== Segment start ==

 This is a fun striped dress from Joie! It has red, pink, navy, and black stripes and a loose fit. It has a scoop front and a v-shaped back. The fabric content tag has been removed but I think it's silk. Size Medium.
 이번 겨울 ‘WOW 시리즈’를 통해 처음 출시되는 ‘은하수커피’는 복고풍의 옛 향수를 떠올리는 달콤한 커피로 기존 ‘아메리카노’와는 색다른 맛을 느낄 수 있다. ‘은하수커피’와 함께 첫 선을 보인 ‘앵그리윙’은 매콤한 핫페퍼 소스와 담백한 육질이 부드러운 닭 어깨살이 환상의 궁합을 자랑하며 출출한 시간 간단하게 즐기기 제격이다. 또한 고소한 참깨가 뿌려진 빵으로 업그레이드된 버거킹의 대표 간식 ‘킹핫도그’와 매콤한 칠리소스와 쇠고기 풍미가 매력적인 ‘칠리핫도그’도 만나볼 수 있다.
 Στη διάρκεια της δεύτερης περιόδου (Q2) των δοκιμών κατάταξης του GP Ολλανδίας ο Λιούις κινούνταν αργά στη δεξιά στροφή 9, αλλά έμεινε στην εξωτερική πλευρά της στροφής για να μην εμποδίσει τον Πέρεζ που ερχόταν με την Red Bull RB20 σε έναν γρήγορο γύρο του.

== Segment end ==
== Segment start ==

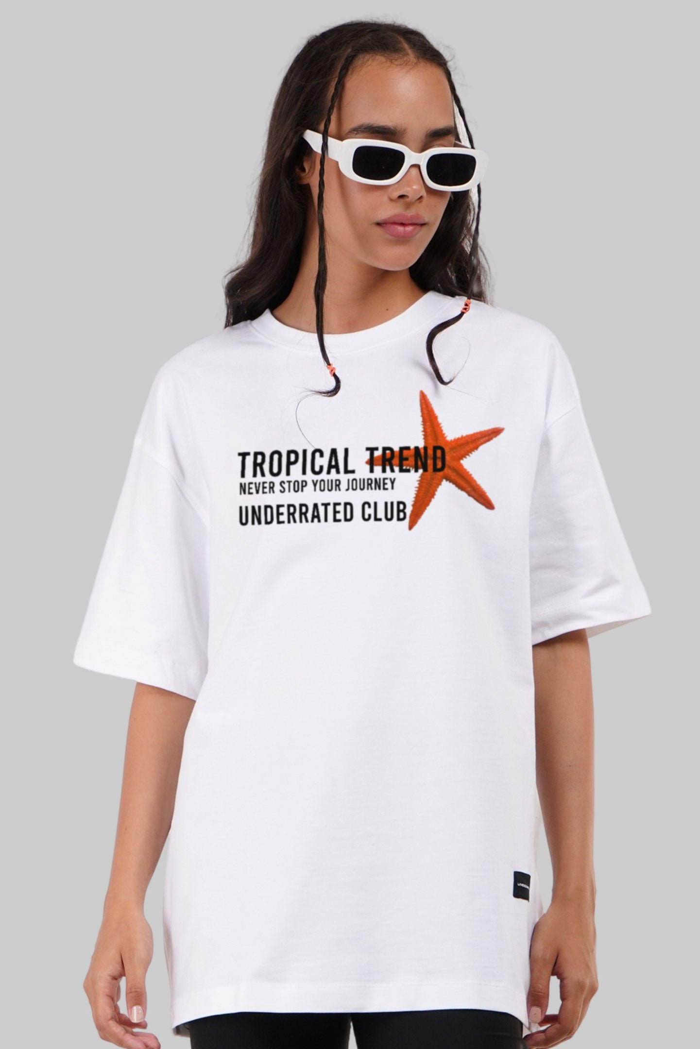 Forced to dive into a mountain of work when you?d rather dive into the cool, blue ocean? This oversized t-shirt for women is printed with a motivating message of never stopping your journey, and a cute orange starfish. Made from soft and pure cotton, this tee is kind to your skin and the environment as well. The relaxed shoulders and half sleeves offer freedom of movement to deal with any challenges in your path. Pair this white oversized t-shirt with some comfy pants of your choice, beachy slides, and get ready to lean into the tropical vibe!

== Segment end ==

Task brief ->
There is a line with "이번 겨울 ‘WOW 시리즈’를" and a line with "Στη διάρκεια της" above. Copy exactly those two lines and all lines between them, with nothing else.

Result of the task ->
 이번 겨울 ‘WOW 시리즈’를 통해 처음 출시되는 ‘은하수커피’는 복고풍의 옛 향수를 떠올리는 달콤한 커피로 기존 ‘아메리카노’와는 색다른 맛을 느낄 수 있다. ‘은하수커피’와 함께 첫 선을 보인 ‘앵그리윙’은 매콤한 핫페퍼 소스와 담백한 육질이 부드러운 닭 어깨살이 환상의 궁합을 자랑하며 출출한 시간 간단하게 즐기기 제격이다. 또한 고소한 참깨가 뿌려진 빵으로 업그레이드된 버거킹의 대표 간식 ‘킹핫도그’와 매콤한 칠리소스와 쇠고기 풍미가 매력적인 ‘칠리핫도그’도 만나볼 수 있다.
 Στη διάρκεια της δεύτερης περιόδου (Q2) των δοκιμών κατάταξης του GP Ολλανδίας ο Λιούις κινούνταν αργά στη δεξιά στροφή 9, αλλά έμεινε στην εξωτερική πλευρά της στροφής για να μην εμποδίσει τον Πέρεζ που ερχόταν με την Red Bull RB20 σε έναν γρήγορο γύρο του.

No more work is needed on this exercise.